Love is patient, love is kind. It does not envy, it does not boast, it is not proud. It is not rude, it is not self-seeking, it is not easily angered, it keeps no record of wrongs. Love does not delight in evil but rejoices with the truth. It always protects, always trusts, always hopes, always perseveres. Love never fails....

Thursday, September 25, 2008

Spent my whole wednesday on FYP/project meeting. Met in town to discuss, thereafter rush for tuition at Yishun. and i met this very irritating cab driver.

He took CTE(SLE) from orchard to yishun and at the expressway, he was driving at 50km/h. i was so pissed, cuz im late for tuition and he still drive machiam see scenery. I looked at my watch, it was 3.25pm, so i said:

ME: ERM sorry uncle, can u try to reach the place by 3.30pm?
IRRITATING UNCLE: what? what you say?
ME: (deaf isit, must be not paying attention while driving la) Can you reach by 3.30pm?
IRRITATING UNCLE: 3.30pm? ok.

And he continues driving at 50km/h...-_-

finally when i reach yishun, this uncle makes mi more furious.

ME: uncle, please don't turn here. Go straight then U-TURN.
IRRITATING UNCLE: wad?
ME: (*&^%#%^&%#) DON'T turn here. GO STRAIGHT.

he drove straight.

ME: Uncle, please make a U-TURN here.
IRRITATING UNCLE: turn right here hur?
ME: I mean U-TURN.

AND HE TURNS RIGHT.....(*&^%&%^#%^&%#%^&#

fed up can, and he have to drive all the way to the other road, make a big round and u-turn back. it was already 3.35pm.

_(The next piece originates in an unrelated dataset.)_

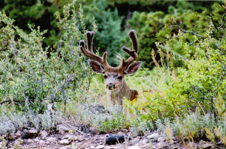 A fuzzy antlered mule deer in spring popped up from behind a hill and scared me but allowed enough time to get this shot
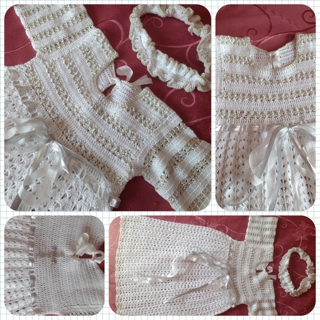 Вот он, результат моих ночных упорных стараний. Вроде неплохо получилось. Милу скоро крестить, надеюсь, влезет в него. Хотя я даже на Полю смогла одеть.

ME: UNCLE, I SAID U-TURN, NOT TURN RIGHT.
IRRITATING UNCLE: what? u-turn? you never tell me earlier.
ME: (pissed off) I TOLD YOU TWO TIMES BEFOREHAND ALREADY!

Towards the end of the road...

IRRITATING UNCLE: now turn right?
ME: NO, U-TURN TO THAT PLACE.
ME: U-TURN, NOT TURN RIGHT!

and he u-turn, and drove t 50km/h (p.s. he is driving a new taxi.)

in the end i paid 15 bucks, instead of my normal 8 bucks. -_-

after tuition, rushed down to queenstown for another FYP discussion with a lady. hop onto cab again, i was late for tuition, and i was late for the meeting.(moral: don't arrange tuition in between -_-)

this young cab driver is v good, he drives at good speed, find the shortest route for mi and takes time to read the map i printed. cuz im going to lock road, this very ulu but expensive and posh place.

then on the road, we saw this yellow lamborghini on street. the uncle and i had this fnny conversation:

FUNNY UNCLE: whah, what a waste of money leh. buy such a expensive car and let the tyres scratch across the road.
ME: -_-" aboh then, buy the car and put at home 'bai mei' meh? but true la, singapore so small, drive so expensive car abit waste money.
FUNNY UNCLE: ya lor, summore cannot speed. see, my taxi and his car end up on the same road. but hai singapore so many rich people leh.if only i can drive that....
ME: aiya uncle dont compare la, ren bi ren hui qi si ren la.

then i suddenly pop out a sentence

ME: see, the yellow colour so OBIANG! not nice lah
FUNNY UNCLE: -fainted- XIAO JIE, LAMBORGHINI LEH!

ME: i know, so what? i don't like the colour.
FUNNY UNCLE: -fainted-

And he goes again inplying how envious he was...

FUNNY UNCLE: sit in lamborghini is like sitting on the floor, very low one.
ME: aiyo so cham, can see anot? buy such a expensive car to sit on the floor.
FUNNY UNCLE: -_-" XIAO JIE, LAMBORGHINI LEH!

in the end, he drove to ask mi to see if the driver is young or old.

i took a peep. wahlou, so low and window so black, it's so difficult to see a thing lor.

ME: it's a young man.
FUNNY UNCLE: wah so young drive lamborghini liao ah........

taking a closer look...
ME: Omg! NO leh! the driver has long hair! it's a young woman!
FUNNY UNCLE: WAH women nowadays more POWER!

in the end my cab fare reaches twenty-seven bucks. ouch

thankfully, it wasn't a wasted trip. the person was a strong and fierce lady. but im sure she makes a good intervew. hai, after every meeting, with new things explored, i always have problem imagining how our documentary is gona look like again.